-------- RECORDED DATA

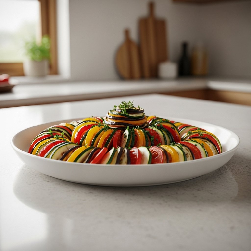 Ratatouille is a mixture of fresh cooked vegetables which are cooked gradually with herbs and made into a light but full of flavor meal. The combination of its colorful outlook and mild seasoning brings out the use of natural products, therefore, serving as a healthy meal that cherishes country cooking traditions.
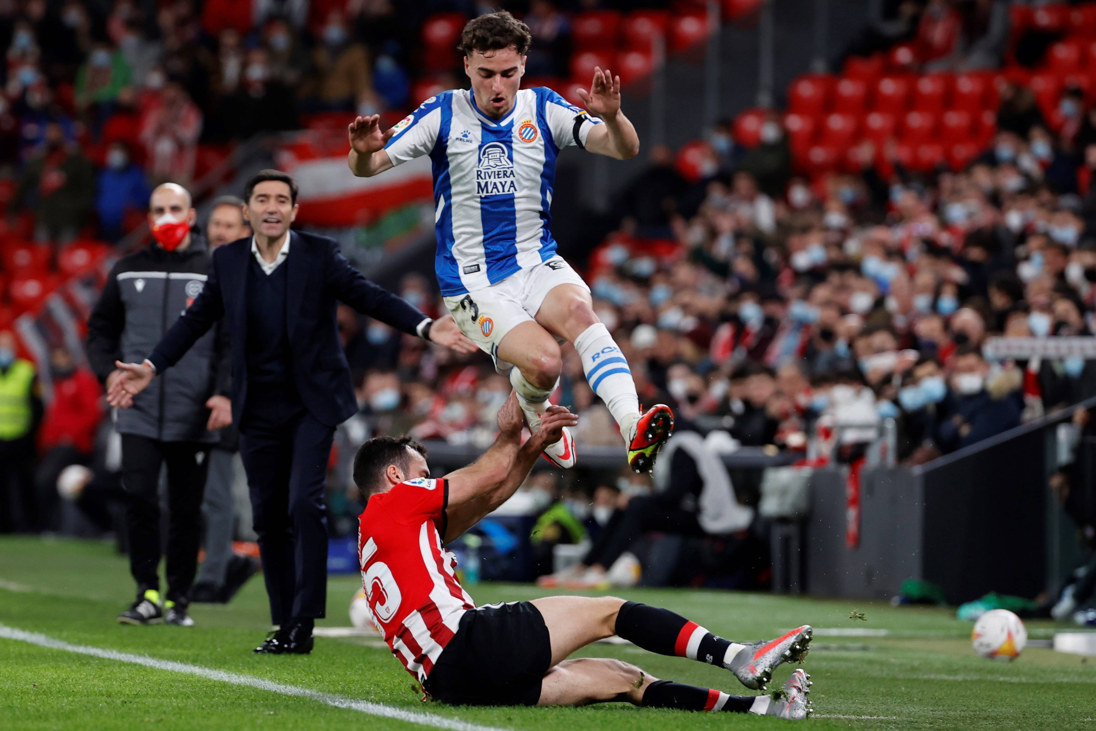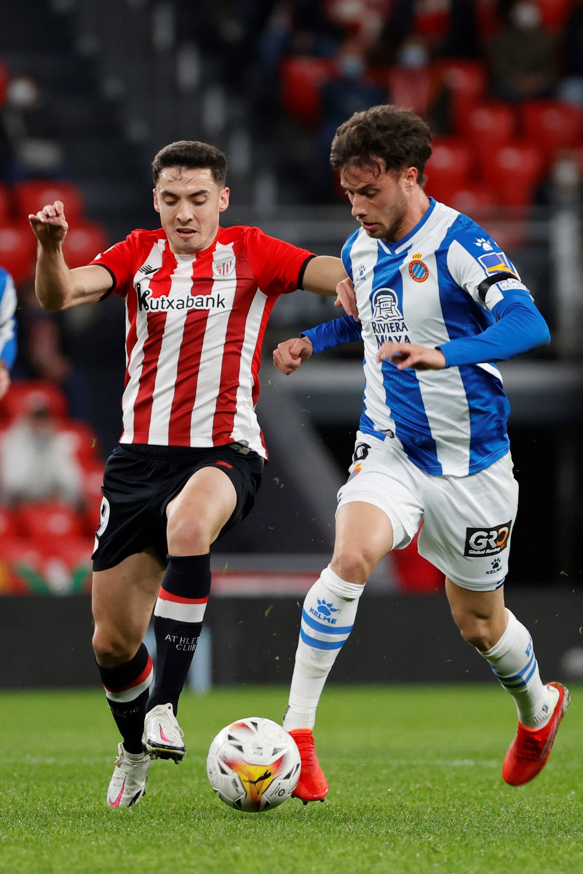 2月7日,毕尔巴鄂竞技队球员桑切特(左)与西班牙人队球员卡布雷拉拼抢。
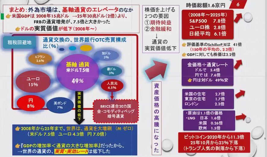 円が一番下がっているわけです。2008年から2025年世界は通貨を大増刷した。これはMゼロ(※5)という通貨で、7.5倍、ユーロは4.3倍、円は7.0倍だからこれが下落しています。GDPの増加率よりも通貨の大きな増刷だから、世界の通貨の実質・実効レートは下落しているのです。ただ日本はドル円だけで見ますからドルに対して下がったような感じしか分からないのですね。ところがドルそのものが下がっていますから、円はそれ以上に下落したわけです。その結果として、例えば世界の株価は時価総額が1.6京円になりました。S&P500が7.8倍、ユーロ株50が2.8倍、日経平均225が6.1倍です。

----------------

* **ACTIVITY**
Word-for-word transcription: the whole listing, with images excluded.

* **WRITTEN SOLUTION**
 Ratatouille is a mixture of fresh cooked vegetables which are cooked gradually with herbs and made into a light but full of flavor meal. The combination of its colorful outlook and mild seasoning brings out the use of natural products, therefore, serving as a healthy meal that cherishes country cooking traditions.
 2月7日,毕尔巴鄂竞技队球员桑切特(左)与西班牙人队球员卡布雷拉拼抢。
 円が一番下がっているわけです。2008年から2025年世界は通貨を大増刷した。これはMゼロ(※5)という通貨で、7.5倍、ユーロは4.3倍、円は7.0倍だからこれが下落しています。GDPの増加率よりも通貨の大きな増刷だから、世界の通貨の実質・実効レートは下落しているのです。ただ日本はドル円だけで見ますからドルに対して下がったような感じしか分からないのですね。ところがドルそのものが下がっていますから、円はそれ以上に下落したわけです。その結果として、例えば世界の株価は時価総額が1.6京円になりました。S&P500が7.8倍、ユーロ株50が2.8倍、日経平均225が6.1倍です。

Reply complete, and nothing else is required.